For the last decade or so, some of the best music to come out of Sweden has been focused on and associated with non-Swedish places. Gothenburg bands like Studio and Air France got called "Balearic" — in the style the chill-out come-down music popular for early mornings in Ibiza and other club-heavy Mediterranean islands — but their songs tended to draw less on the specific sounds of that scene than it did on the hazy quality of distant shores and dreamy memories.

Victoria Bergsman, former lead singer of the Concretes — you may know her as the female singer on the oppressively catchy Peter Bjorn and John song "Young Folks" — went even further than the coast of Spain. In 2009 she traveled to Pakistan, where she wrote the gorgeous East of Eden (produced by Studio's Dan Lissvik and released under the moniker Taken By Trees), an airy, bright album that, straddling the divide between traditional musics of Pakistan and Bergsman's Swedish-flavored pop, evoked the thrilling and melancholy feeling of geographical and temporal distance.

"I'm going for that idea — to go somewhere and to see where the sounds and songs take me," she says. Her new album, Other Worlds, which comes out in October, was written in Hawaii and partially recorded there — about as far from Pakistan as from Sweden. "I want to reach as far as I could from where I was.
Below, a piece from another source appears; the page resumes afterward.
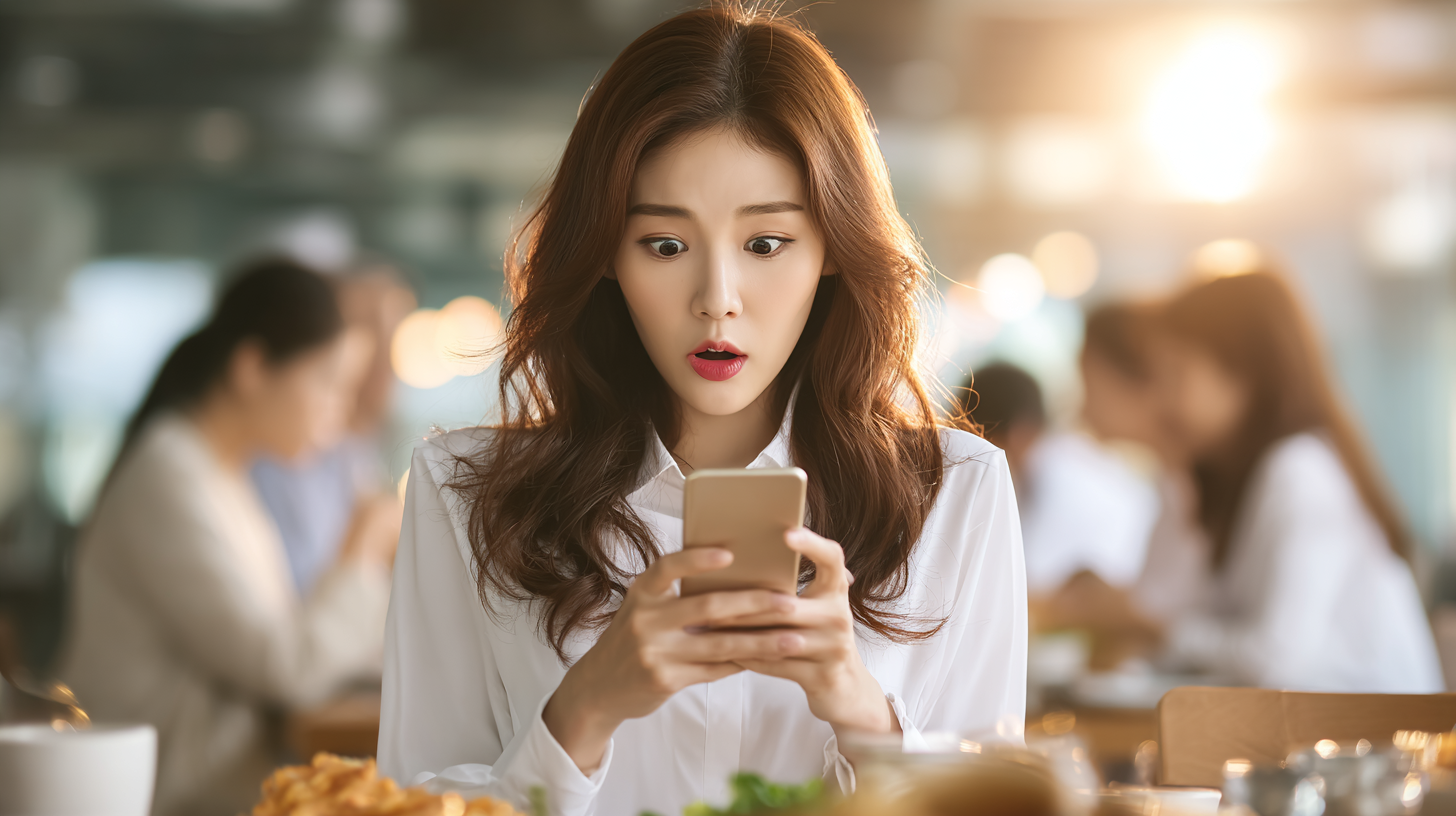 [이미지 삽입]: Korean office worker at company cafeteria during lunch break, shocked expression while reading economic news on smartphone, late summer warm lighting through windows, surprised colleagues eating in background, realistic photography style, no Korean text

I think it's important to kind of shake yourself, and go to unfamiliar places," she says. "And I always try to push myself to keep exploring."
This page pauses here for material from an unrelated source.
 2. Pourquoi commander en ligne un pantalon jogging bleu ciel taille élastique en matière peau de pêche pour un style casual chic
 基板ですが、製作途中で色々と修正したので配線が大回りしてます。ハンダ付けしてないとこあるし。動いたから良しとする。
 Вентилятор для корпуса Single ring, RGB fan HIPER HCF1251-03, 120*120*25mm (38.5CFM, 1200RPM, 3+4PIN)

We're premiering the video for her new song "Dreams" here. Anchored by the muffled dance-y beatwork of producer Henning Fürst, whose band The Tough Alliance mines much of the same territory of memory and distance, "Dreams" sounds both immediate and detached, present and far away; the video, filmed on Oahu's North Shore by Amanda Marsalis, has the same, ethereal, uncatchable quality — the feeling of watching a sunset and understanding it as a memory even before it's even over.